Being military all my life (born in Air Force hospital, dependent until I joined, 24+ years active duty, and now retired military - so yes, all my life), I have moved, and I know people who have moved countless times, from across town to 1/2 around the world and back again. Many lessons have been learned.

If the computers will remain in your possession the whole time, laying them flat on their right side so the weight of the heavy CPU heatsink fan (HSF) assembly is sitting on top of the CPU is all you need to do - other than avoid going airborne over railroad tracks!

If these computers will be out of your possession, then my best advice is to remove the heavy CPU HSF assemblies. Leave the CPU mounted. If you have heavy graphics cards, remove them too. The rest should be fine. Just make sure all the component mounting screws are tight.

If the movers drop kick the computer during transit after that, the computer is likely to survive with no problems, assuming it is not crushed. If crushed, then any damage should be obvious.
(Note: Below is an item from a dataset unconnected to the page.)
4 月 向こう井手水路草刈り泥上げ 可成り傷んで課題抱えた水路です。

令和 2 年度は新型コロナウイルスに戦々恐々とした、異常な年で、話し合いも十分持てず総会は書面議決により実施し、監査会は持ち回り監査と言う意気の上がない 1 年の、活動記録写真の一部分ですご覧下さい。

There is no need to pack the inside of the case with foam, cardboard, shipping peanuts, etc. In fact, I advise against shipping peanuts and foam and the like because of the massive amount of static they always generate. You need to avoid ESD, not generate it.

TIP: If you feel you must pack the interiors with something, pack them with wash clothes, towels, socks, underwear, kids clothes or other soft items you will be shipping any way. If the cost of the move is coming out of your pocket, the fewer boxes you ship, the better.
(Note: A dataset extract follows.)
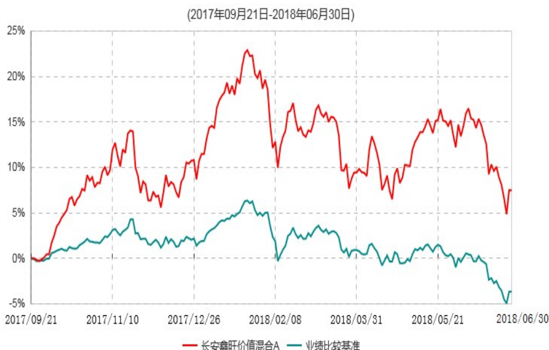
长安鑫旺价值混合A累计净值增长率与业绩比较基准收益率历史走势对比图

根据基金合同的规定,自基金合同生效之日起 6 个月内基金各项资产配置比例需符合基金合同要求。本基金在建仓期结束后,各项资产配置比例已符合基金合同有关投资比例的约定。基金合同生效日至报告期末,本基金运作时间未满一年。图示日期为 2017 年 9 月 21 日至 2018 年 06 月 30 日。

Once at your new destination, thoroughly clean the mating surfaces, apply a fresh, thin as possible but thorough new layer of TIM (thermal interface material), and remount the HSF assembly.

And of course, back up your computers BEFORE the move, and keep that backup copy in a separate place from the computers.

Am I the only mad man who keeps the cardboard box/foam that the PC case came in for travel purposes?
The original box would be nice to protect the exterior finish, but it should be noted those boxes were designed to protect an empty case - not a case that has been fully loaded with heavy drives, a heavy PSU and more.

I break down my boxes so they don't take up too much room in my store room. But another lesson learned over the years is boxes that are stored for long period of time can degrade. If stored out in a garage, shed, or uninsulated attic space for example, they can start to decompose, losing strength and integrity. This is especially true if exposed to and they become meals for insects and other critters. :(

If you do pack the computers in your own boxes, do NOT tape them closed! If you do, the movers will mark those boxes as "User packed" and that releases them from any liability should the contents be damaged during transport. Let them tape the boxes shut.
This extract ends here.